Homophily Within and Across Groups
Presenter: Abbas K. Rizi
Time: Wed 17:30 - 17:45
Authors: Abbas K. Rizi (DTU)*; Riccardo Michielan (University of Twente); Clara Stegehuis (University of Twente); Mikko Kivelä (Aalto University)
Abstract
Traditional social network analysis often reduces homophily—the tendency of similar individuals to connect—to a single parameter, neglecting nuanced biases within and across groups. We propose an exponential family model that incorporates both local homophily (strong ties within cliques) and global homophily (weaker ties across communities), using a maximum entropy approach to analyze their effects on network dynamics under percolation.
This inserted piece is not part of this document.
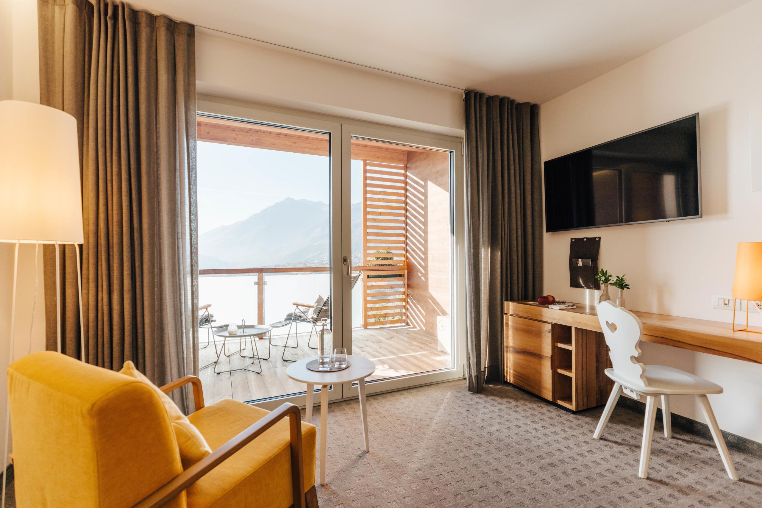 Sanctuaries of well-being in a modern Alpine style, with fine furnishings crafted from local woods, harmonious colours, and unparalleled views of the gardens and mountains. Discover your perfect retreat.

This framework decomposes homophily into finer levels, revealing how these interactions shape the spread of information, diseases, and innovation. Testing on diverse datasets, the model highlights how varying homophily patterns influence percolation thresholds and the effectiveness of interventions, offering valuable insights for public health strategies, social media information flow, and targeted mitigation efforts.